Encuesta: Cajamarca le dice sí a la minería

El 78% señala que las inversiones de cobre son favorables para el desarrollo de la región del norte. Sin embargo, el 44.3% de los encuestados desconoce la enorme contribución de la minería para el canon regional

Según una encuesta realizada recientemente en Cajamarca, el 89.6% de la población urbana de esa región “tiene una posición favorable a la minería”. El sondeo realizado por Aurum Consultoría y Mercado señala que el 78.9% de los encuestados considera que la minería es el sector que más puestos de trabajo ofrece y que el 78.7% cree que el sector minero es esencial para la reactivación económica después de la pandemia de coronavirus. Asimismo, el 78% señala que las inversiones de cobre son favorables para el desarrollo de la región del norte. Sin embargo, el 44.3% de los encuestados desconoce la enorme contribución de la minería para el canon regional y su papel en el aumento de los presupuestos de los gobiernos regionales y municipales.

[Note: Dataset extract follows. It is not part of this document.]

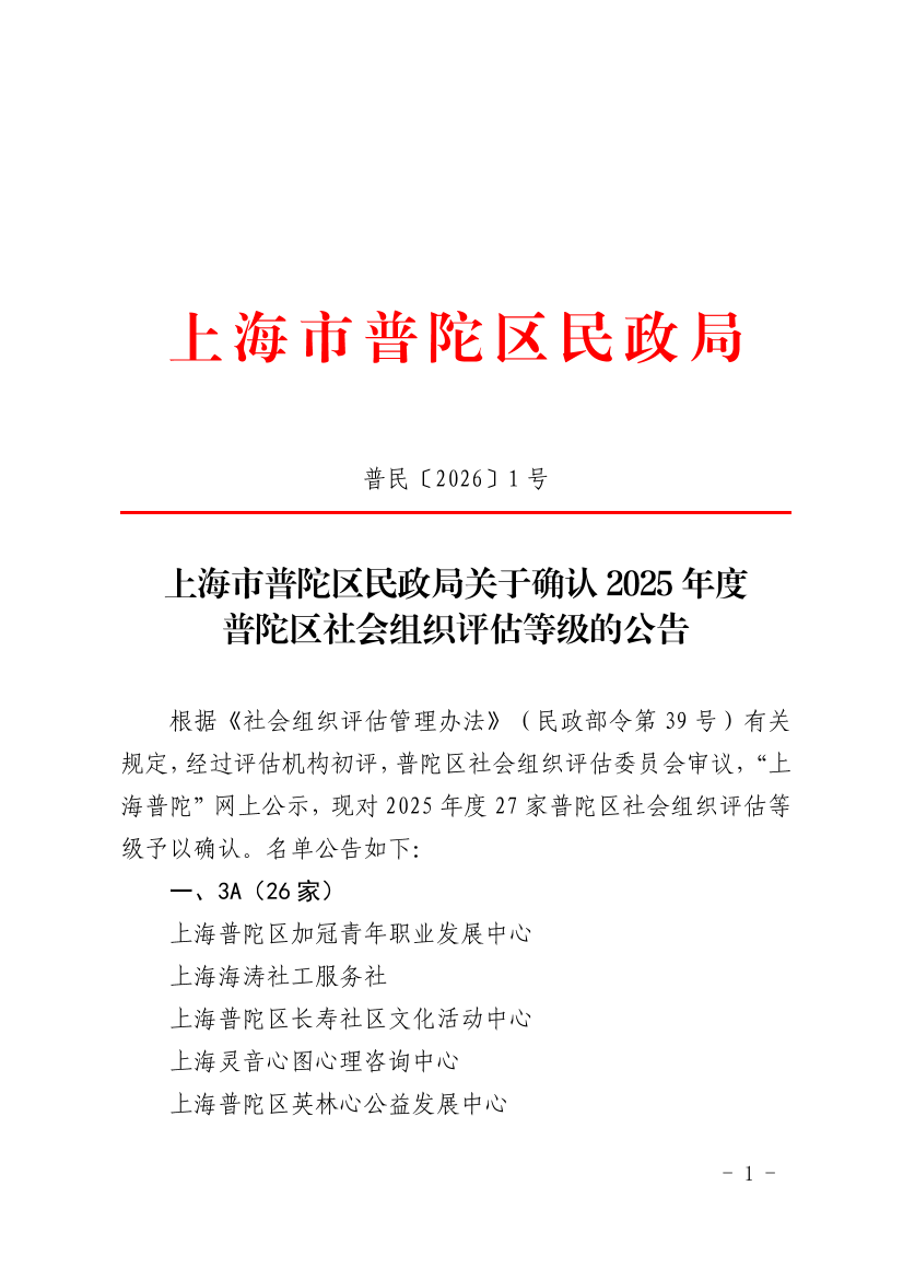 上海市普陀区民政局关于确认2025年度普陀区社会组织评估等级的公告

Cajamarca tiene un increíble potencial en minería, ganadería y agricultura; sin embargo, es una de las regiones más pobres del país. De acuerdo al Instituto Nacional de Estadística e Informática (Inei), la pobreza afecta al 38% de la población, bastante alejada de la media nacional de 20.2% (cifras existentes antes de la pandemia). No obstante, la difícil situación de la población por ausencia de trabajo y oportunidades de superación, las rondas campesinas y los autodenominados comités de lucha por el medio ambiente se habían propuesto –antes de la crisis sanitaria– bloquear los proyectos mineros. Ojalá las cosas cambien luego de la impresionante movilización y aporte mineros contra el Covid-19.
Por ejemplo, los supuestos ambientalistas se oponen al proyecto La Zanja y otras inversiones mineras, denunciando contaminaciones al medio ambiente y daños que nunca fundamentan ni comprueban. En febrero pasado, los asistentes al XII Congreso de la Federación de Rondas Campesinas Urbanas e Indígenas acordaron impedir las extracciones mineras en la denominadas “cabeceras de cuenca” (relato falso y anticientífico de las cuencas hidrográficas, inventado por el ex congresista Marco Arana, de la ONG antiminera Grufides).

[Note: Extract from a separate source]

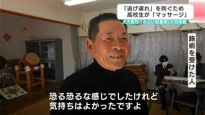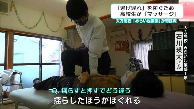 師匠も太鼓判を押す技術。23日は初めて地域の人を相手にマッサージを実践しました。
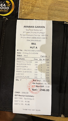 I visited today on 01.10.2025 at Arabian Garden Seafood Restaurant in Nungambakkam, and I must say it was a truly delightful experience. The seafood here is absolutely amazing – fresh, flavorful, and cooked to perfection. Every dish we ordered had an authentic taste, rich spices, and just the right balance of flavors that made the whole dining experience memorable.

El estribillo “agua sí, oro no” y las diversas estrategias del círculo antiminero pretenden detener en Cajamarca el potencial clúster que se desarrollaría con sus principales proyectos. Conga, Galeno, La Granja, Shahuindo, Michiquillay, entre otros, transformarían a Cajamarca de una de las regiones más pobres del país a una con ingreso per cápita del primer mundo, tal como sucede con Antofagasta en Chile. Según el Ministerio de Energía y Minas, más de US$ 16,209 millones en inversiones mineras están pendientes en Cajamarca.
El proyecto del clúster minero del norte no solo resolverá el problema del agua para el consumo humano y la agricultura –que el Estado no soluciona–, porque las inversiones mineras cosecharán agua mediante represas y reservorios, sino que establecerá una sola huella de impacto ambiental: desde el sistema de transporte hacia el puerto de Bayóvar para trasladar el mineral hasta los depósitos de los desechos.

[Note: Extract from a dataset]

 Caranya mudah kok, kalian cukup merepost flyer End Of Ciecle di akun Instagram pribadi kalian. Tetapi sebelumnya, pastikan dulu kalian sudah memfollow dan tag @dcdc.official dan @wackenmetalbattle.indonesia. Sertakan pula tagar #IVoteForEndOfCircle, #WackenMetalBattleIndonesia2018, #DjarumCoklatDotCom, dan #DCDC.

Es increíble cómo las oenegés y los colectivos, supuestamente ambientalistas, detienen la construcción de vías de comunicación, reservorios de agua y sistemas de regadío, de electrificación y conectividad a Internet. Asimismo, boicotean el impulso a la ganadería y agricultura, y a obras vinculadas a la salud y educación, destinadas a mejorar los niveles sociales y económicos de la región. El objetivo: detener la solidaridad social de las empresas mineras.
Para recuperar el sueño minero de Cajamarca es fundamental que se concrete el proyecto de cobre Michiquillay, inversión de US$ 2,000 millones, de modo que se relancen los círculos virtuosos de la minería y se genere un nuevo clima entre el Estado y la sociedad, sobre la base del respeto a la Constitución y las leyes que los sectores antimineros pretenden vulnerar. Si el Estado, las autoridades y la sociedad son capaces de sacar adelante Michiquillay, entonces será posible soñar con la posibilidad de un clúster minero, y Cajamarca podría convertirse en una región con ingreso per cápita del primer mundo.